Kohlenstoffisotopenfraktionierung beim PCE- und TCE-Abbau durch Rohextrakte von Sulfurospirillum spp. Untersuchungen an dehalogenierenden Anreicherungskulturen aus Bitterfeld

Inhaltsangabe oder Einleitung

In dieser Arbeit wurde der Einfluss der Zellmembran und der Zellwand auf die Fraktionierung stabiler Kohlenstoffisotope beim Abbau von Tetrachlorethylen (PCE) und Trichlorethylen (TCE) durch Rohextrakte untersucht. Die dabei erhaltenen Fraktionierungsfaktoren wurden mit vorhandenen Ergebnissen oder Resultaten verglichen, um etwaige Rückschlüsse auf den Reaktionsmechanismus des Abbaus sowie seiner Kinetik zu ziehen. Es wurden weiterhin verschiedenen Elektronenakzeptoren während des Wachstums bezüglich ihres Einflusses auf die Isotopenfraktionierung durch Rohextrakte verglichen.
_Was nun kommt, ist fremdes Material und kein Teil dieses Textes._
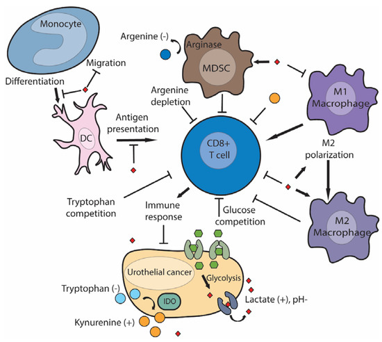 How urothelial cancer metabolism impacts immune cells in tumor microenvironment (TME). Urothelial cancer creates an acidic TME deprived of glucose, tryptophan, and arginine, whereas concentrations of immune-suppressive molecules, such as lactate and kynurenine, are increased. Excessive lactate in the TME inhibits the tumor immune response by (1) polarization of macrophages to a suppressive M2 phenotype, (2) inhibition of monocyte migration and differentiation into dendritic cells (DC), thereby inhibiting antigen presentation and subsequent T cell activation, (3) by stimulating immune-suppressive myeloid-derived progenitor cells (MDSCs) to breakdown immune-stimulatory arginine, or (4) through direct inhibition of CD8+ T cell function by lactate. The T-cell-mediated immune response is also directly inhibited by tumor-produced kynurenine and indirectly through tumor-induced tryptophan and glucose shortage.

Die zum Vergleich herangezogenen Mikroorganismen waren die Gram-negativen Spirillen Sulfurospirillum multivorans (ehem. Dehalospirillum multivorans) und Sulfurospirillum halorespirans. Die Rohextrakte der beiden Verwandten fraktionierten die Kohlenstoffisotope bei der PCE-Dehalogenierung in ähnlicher Weise. Der Fraktionierungsfaktor αC für S. multivorans lag nach Wachstum mit TCE als Elektronenakzeptor bei 1,0014 mit Fumarat als zusätzlichem Elektronenakzeptor bei 1,0015. Der Isotopeneffekt für die TCE-Dechlorierung war 1,0162 nach Wachstum mit TCE bzw. 1,0159 bei zusätzlicher Fumaratatmung. Für Rohextrakte von S. halorespirans wurden die Auswirkung der Wachstumssubstrate PCE und TCE auf die Isotopenfraktionierung derselben ermittelt. Im Falle des vorherigen Wachstums mit PCE war αC für PCE 1,0024 und für TCE 1,0229. Die Inkubation mit TCE als Atmungssubstrat ergab einen Fraktionierungsfaktor für PCE von 1,0032, für TCE lag er bei 1,0187.
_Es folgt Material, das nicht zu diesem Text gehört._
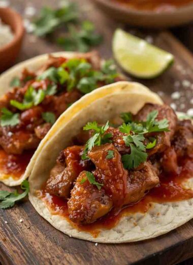 Crispy Pork Belly Tacos with Salsa Roja
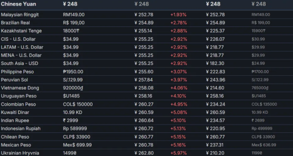 《明末:渊虚之羽》在Steam商店国区的价格为所有地区最低,且多个地区的价格相较此前有所上涨,涨幅百分比各有不同。
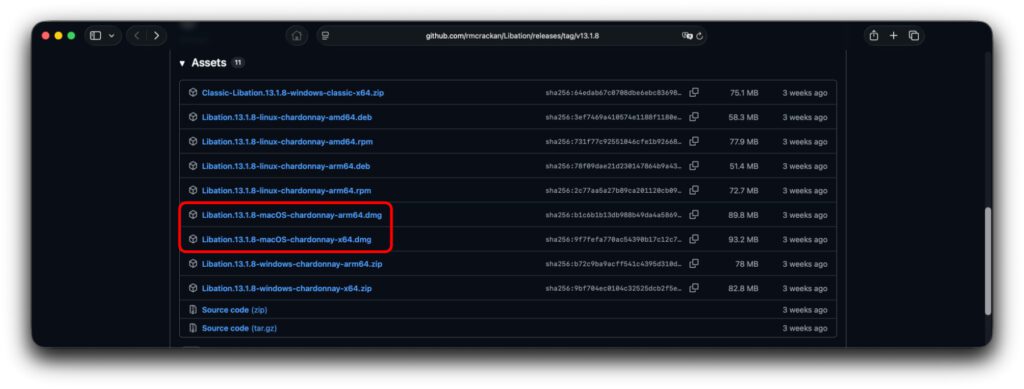 Dort klickt man rechts auf „Releases“ und wählt auf der folgenden Seite das passende Paket aus. Für macOS sind es .dmg-Dateien – jene mit x64 im Namen für Macs mit Intel-Prozessoren, jene mit arm64 im Namen für Apple Silicon Macs.

Außerdem wurde an Anreicherungskulturen aus einem kontaminierten Probenbrunnen in Bitterfeld die Fähigkeit zum PCE- und TCE-Abbau studiert. Dabei kamen Butyrat und Lactat als Kohlenstoff- und Energiequellen zum Einsatz. Während die vollständige TCE-Dehalogenierung bis zum Ethen innerhalb von 10 Tagen gelang, war der Abbau von PCE durch auf Lactat wachsende Kulturen auch nach 80 Tagen noch nicht vollständig. Ein Abbau von PCE durch Butyrat-verwertende Kulturen konnte nach zehn Monaten nicht beobachtet werden. In einer funktionellen genetischen Analyse wurden mögliche Gene für bekannte Dehalogenasen identifiziert und der Gattung Dehalococcoides zugeordnet.